4. The electromigration test structure of claim 1 wherein said metal test structure comprises a first test metal line and a second test metal line, said first test metal line and said second test metal line having the same resistance value.

5. The electromigration test structure of claim 2, wherein said metal test structure further comprises a redundant metal strip, said redundant metal strip being disposed between said first test metal line and said second test metal line.

6. The electromigration test structure of claim 1 wherein said metal test structure is located in an upper metal layer of said metal connection structure.

7. The electromigration test structure of claim 1 wherein said metal test structure is located in a top metal layer.

8. The electromigration test structure of claim 1 further comprising a via, said metal connection structure being electrically connected to said first test metal line through said via.

9. The electromigration test structure of claim 1 further comprising a via, said metal connection structure being electrically connected to said second test metal line through said via.
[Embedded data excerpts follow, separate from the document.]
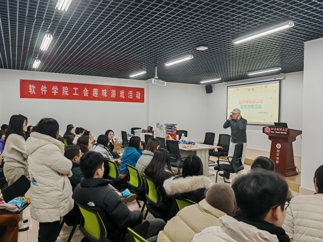 为丰富学院教职工的文体生活,缓解工作压力,增强团队凝聚力,12月24日下午,软件学院工会在实训楼413会议室开展教职工“脑力眼力齐上阵,趣味游戏大闯关”系列活动。本次活动由院工会委员王晓祥主持。学院领导和全体教职工参加了活动。
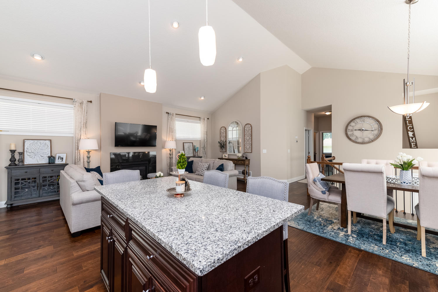 Absolutely Stunning 2017 Built Home! Shows Like a Model! Dramatic spaces, bright and open layout, high end flooring, finishes, upgrades and more, all combine to make this a wonderful place to call home! As you enter you will love the vaulted ceilings of the entire main level living area. Your dining area easily accommodates a large table, perfect for celebrating a special occasion. Or warm up to the fireplace on a quiet weeknight in the living room. The chef of the home will love the expansive kitchen that offers granite counters, great lighting, 42 inch upper cabinets, lots of storage, custom subway tile backsplash and a center island perfect when entertaining. Take the fun outside to the deck to enjoy your new setting! Imagine relaxing here on a sunny afternoon! The main level features three bedrooms on one level, each with large closets, and main full bathroom with nice upgrades. Your owners’ suite features a tray ceiling, walk in closet, and private bathroom complete with a dual sink, granite vanity, jetted tub, and high end marble shower surround. Proceed to the lower level and you will continue to be impressed. Easily host the next gathering of friends and family in this space! Notice the 9 foot tall ceiling that creates a bright and inviting family room. This level conveniently walks out to the back yard and patio, too! The home’s fourth bedroom on this level can be used as a guest room or office depending on your needs. A full bathroom and impressive laundry room also on this level. Entire home has prairie style interior doors, high end lighting, fixtures and special touches throughout. Notice the extras you won’t find in most new construction including gutters, concrete driveway, lawn, landscaping, inviting deck, lower level patio and more! Walk to Nearby Lake Minnetonka! Ask about Mound Dock program and Mound’s 33 parks with various lake access points!
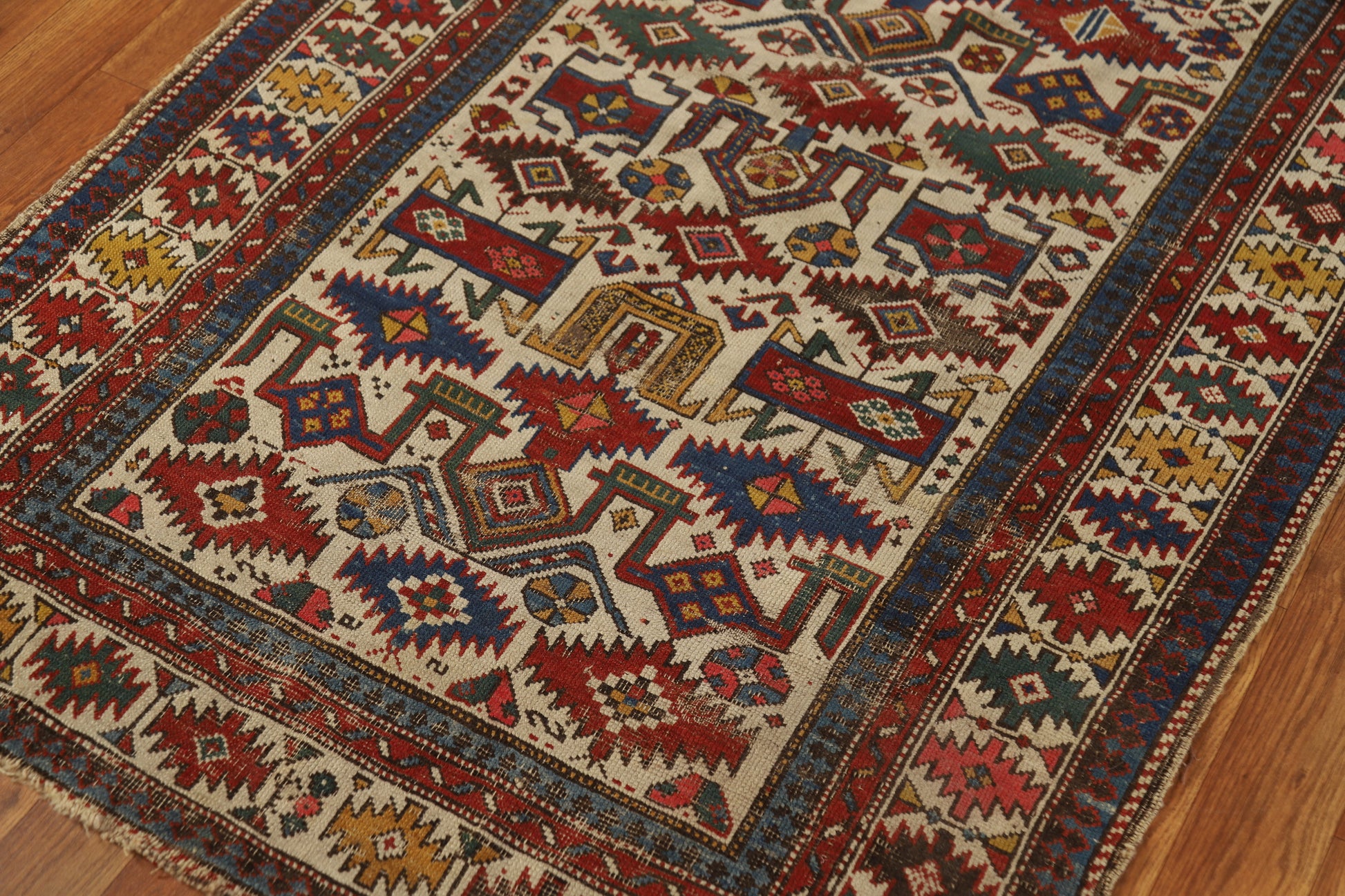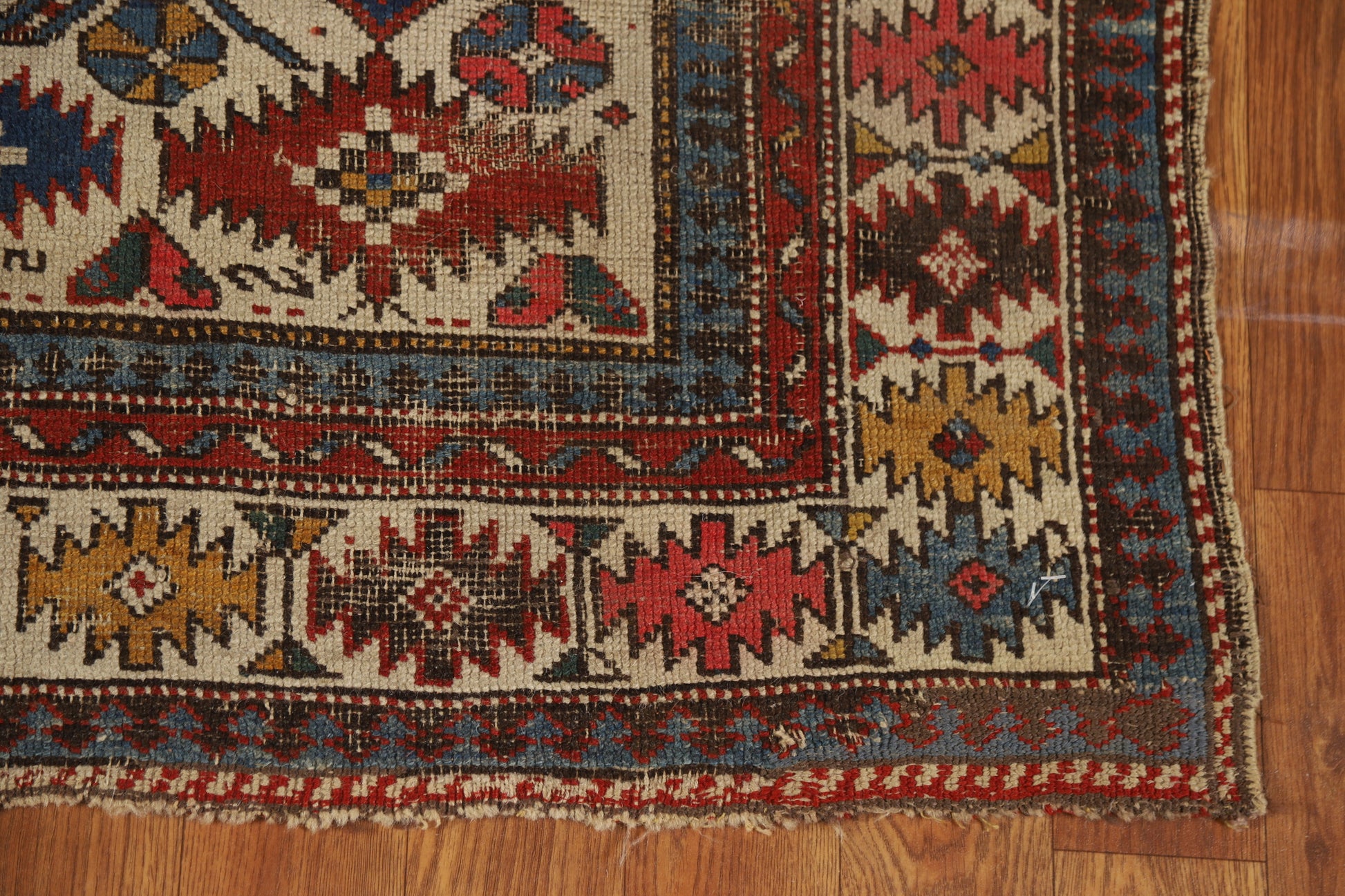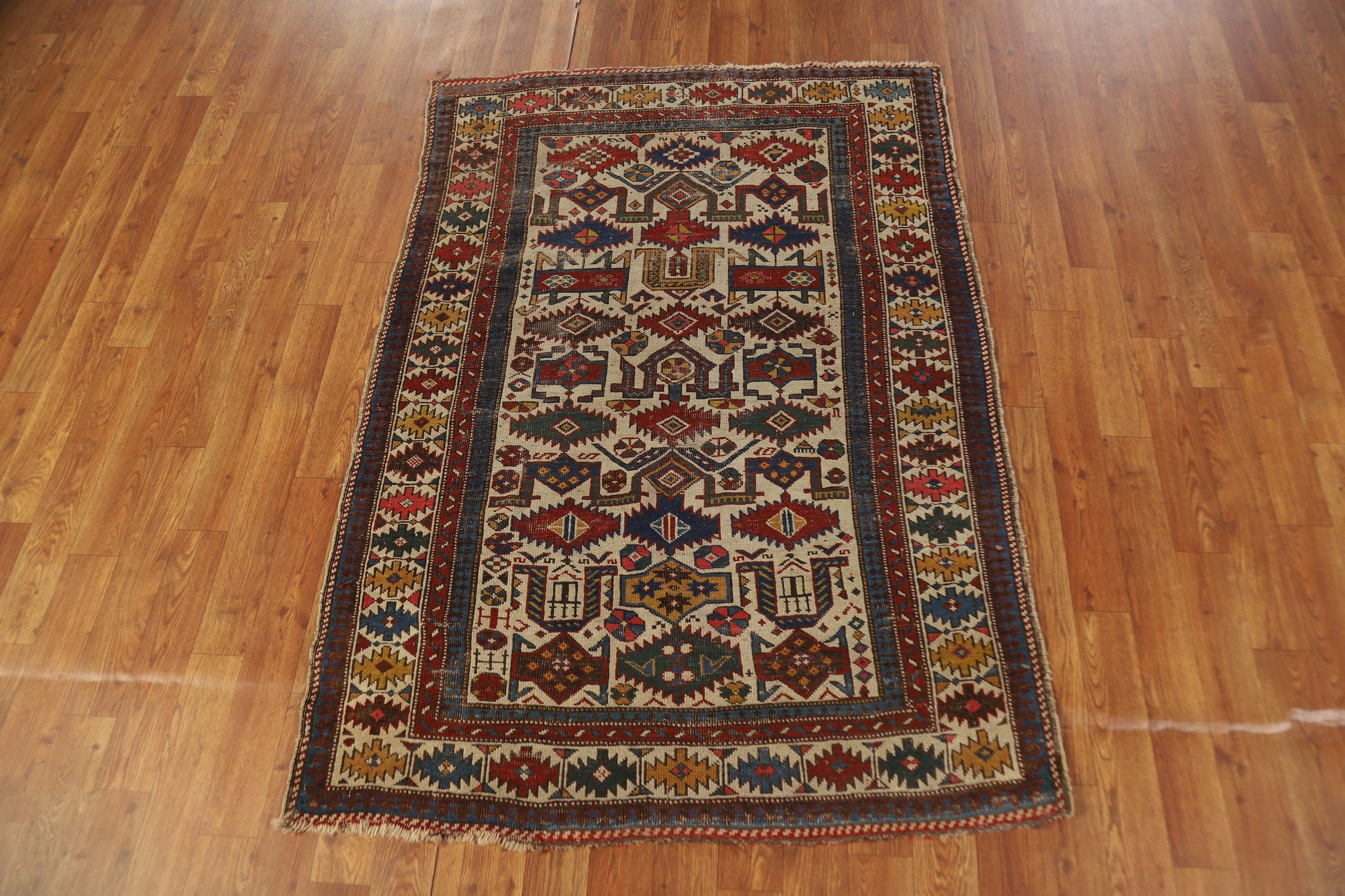 Pre-1900 Antique Vegetable Dye Kazak Oriental Rug 3x5
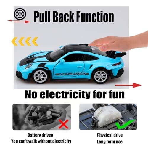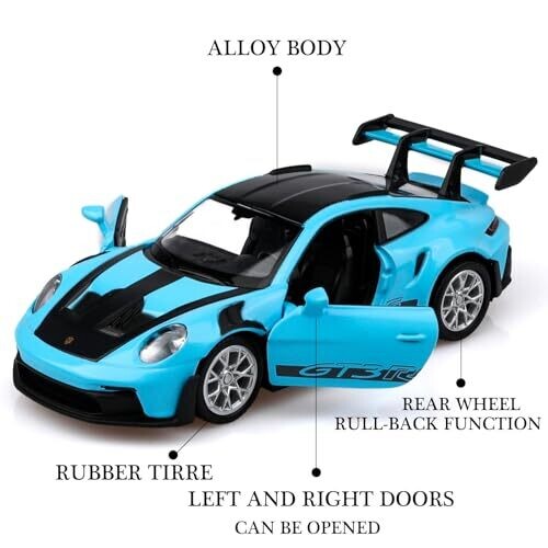 TOKAXI 1/36 scale Porsche 911 GT3 RS diecast car models feature pull-back action for easy play, detailed interiors and exterior trim, and a compact size ideal for kids and collectors. A great gift for boys and girls.
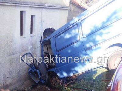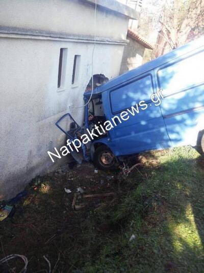 Σοβαρό τροχαίο ατύχημα σημειώθηκε σήμερα στα Πιτσιναίικα Ναυπακτίας. Αυτοκίνητο τύπου «κλούβα» εξετράπη της πορείας του και καρφώθηκε πάνω σε σπίτι. Από την σύγκρουση τραυματίστηκε ο οδηγός του αυτοκινήτου στο πόδι και χρειάστηκε η επέμβαση της Π.Υ. Ναυπάκτου για να τον απεγκλωβίσει. Σύμφωνα με πληροφορίες του Nafpaktianews.gr η κάτοικος του σπιτιού δεν κινδύνευσε .Από την σφοδρότητα της σύγκρουσης άνοιξε τρύπα στον τοίχο.
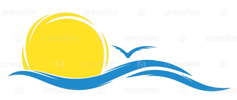 Логотип солнце и море с чайкой

10. The electromigration test structure of claim 1 wherein said load current node is electrically connected to a pad and said measure voltage node is electrically connected to a pad.

11. A method of testing based on an electromigration test structure as set forth in one of the claims 1 to 10, comprising the steps of:

electrically connecting a loading current node of the electromigration test structure with a bonding pad, and electrically connecting the voltage measurement node with the bonding pad;

12. The method according to claim 11, further comprising a fourth step of ending the test until a final resistance value reaches 10% variation.